“The potential for energy and material savings offered by additive manufacturing compared to conventional processes is enormous. But the devil is in the details.
Metal components can not only be designed more flexibly using 3D printing. So-called additive manufacturing also saves material and energy compared to conventional manufacturing processes such as casting of a melt. The aim of the REACT project, short for “Resource Efficient Additive manufacturing of martensitic Cr-sTeels”, is to fully exploit these savings potentials. The project, led by Professor Sebastian Weber, holder of the Chair of Materials Technology at Ruhr University Bochum, Germany, will start with a kick-off event for all six partners on 14 March 2023. It is funded with 1.7 million euros by the Federal Ministry for Economic Affairs and Climate Protection.
Saving raw materials
Additive manufacturing comprises various processes, each of which only puts the material where it is supposed to remain. One example is powder bed-based 3D printing with metal powders. In this process, a thin layer of powder is spreaded onto a building platform and the powder particles are then melted with a laser beam and bonded together only where the finished component is created. Layer by layer, the product is formed in the powder bed. The loose powder is removed later, only the component remains. However, there is still a lot of research to be done around this process: How, for example, can we succeed in producing powder particles that are all the optimum size for additive manufacturing? “Particles that are too large or too small have to be discarded”, explains Sebastian Weber. “That’s why we calculate in advance of powder production how we can optimise the yield of suitable particles as much as possible.” A laboratory-scale powder atomisation plant is available for experiments.

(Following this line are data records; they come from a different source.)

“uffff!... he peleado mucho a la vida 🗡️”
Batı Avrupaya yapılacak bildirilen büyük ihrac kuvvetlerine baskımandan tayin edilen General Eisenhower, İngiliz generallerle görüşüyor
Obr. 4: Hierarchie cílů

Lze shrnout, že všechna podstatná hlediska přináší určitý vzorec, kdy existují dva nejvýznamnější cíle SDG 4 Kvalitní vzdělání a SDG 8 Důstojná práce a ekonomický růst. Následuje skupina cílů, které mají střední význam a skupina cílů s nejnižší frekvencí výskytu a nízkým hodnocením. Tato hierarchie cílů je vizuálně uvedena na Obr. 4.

Improving material properties
The composition of the material, in this case martensitic chromium steel, is also the subject of research. “Tried and tested alloys were developed for other applications, such as casting processes, and repurposed for additive manufacturing”, explains research group leader Dr. Jonathan Lentz. “The recipes of the alloys have to be adapted for additive manufacturing processes.” The researchers from Bochum are focusing their attention primarily on the element nitrogen as an alloy component. Used correctly, it can increase the printability and durability of additively manufactured components. However, you have to keep an eye on nitrogen during all process steps, as it tends to outgas”, says Sebastian Weber.
Last but not least, the partners in the project are also addressing the question of how additively manufactured metal products and leftover powders can be recycled or upcycled for 3D printing to create a closed loop. “A preliminary analysis has shown that the new manufacturing strategies offer the potential to save up to 97 percent of energy in the focused products of the project partners – and that with faster and cheaper production with better material properties”, Weber summarises.

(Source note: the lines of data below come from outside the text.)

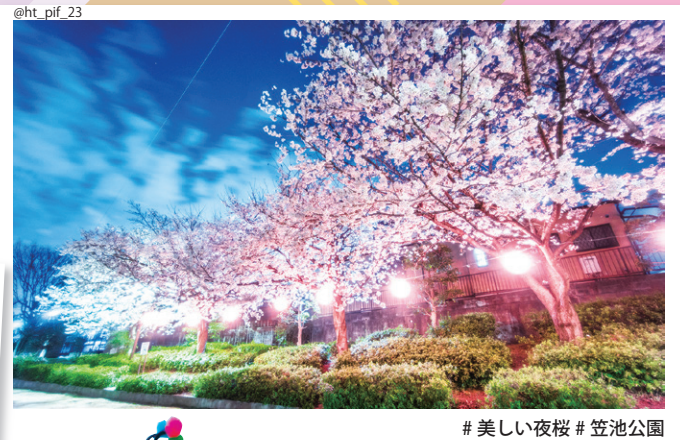
#美しい夜桜 #笠池公園
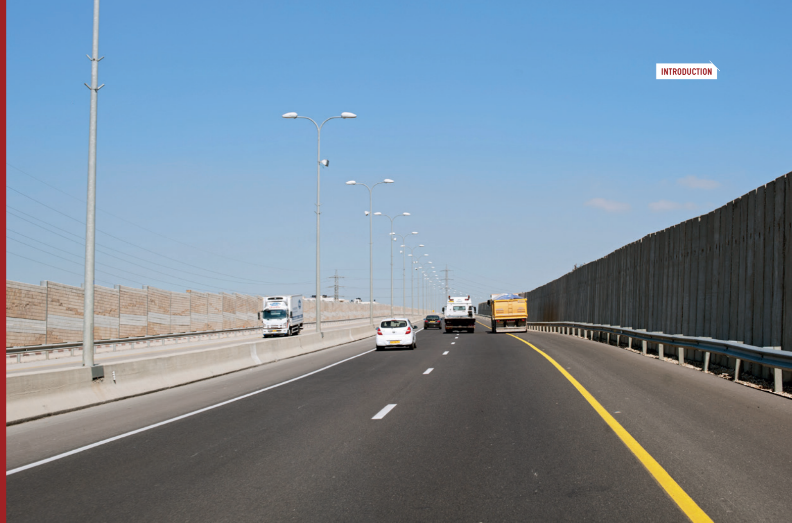
La route 443 relie Jérusalem à Tel Aviv. Juste derrière les murs, les villes palestiniennes de Bir Nabala et de Qalandiya, pour lesquelles il n'existe aucun accès.

La référence au processus de paix est le cadre obligé de tous les discours depuis des décennies. Dans les enceintes internationales comme dans tous les processus de négociations engagés sous l'égide des administrations américaines qui se sont succédées depuis les accords d'Oslo de 1993, l'objectif d'arriver à une « paix juste et durable » entre Israéliens et Palestiniens n'a cessé d'être le leitmotiv officiel.
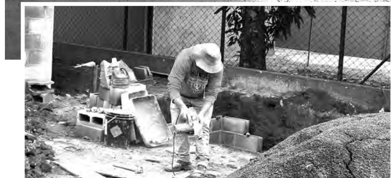
NOVA CRECHE. O trabalho de construção da creche na Agrovilva CAIC avança com serviços sendo executados dentro e fora do prédio; a Prefeitura quer terminar a obra no início do próximo ano
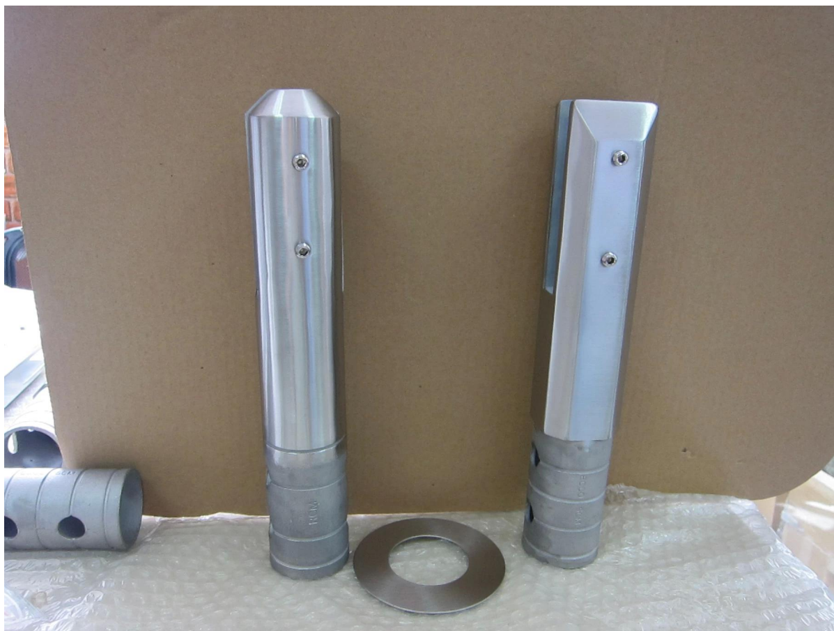
3. perforación Core & la placa de base 4 tipos espitas javascript: void (0); /* 1467362864636 */

Optimising the entire process chain
The project consortium will map the entire process chain from the production of the steel to the refinement of the end product. This makes it possible to view and optimise the process chain holistically. The Chair of Materials Technology accompanies all steps from the development of alloys to the production of metal powders, 3D printing and heat treatment to the characterisation of the final products. Special focus is placed on balancing energy efficiency along the process chain.”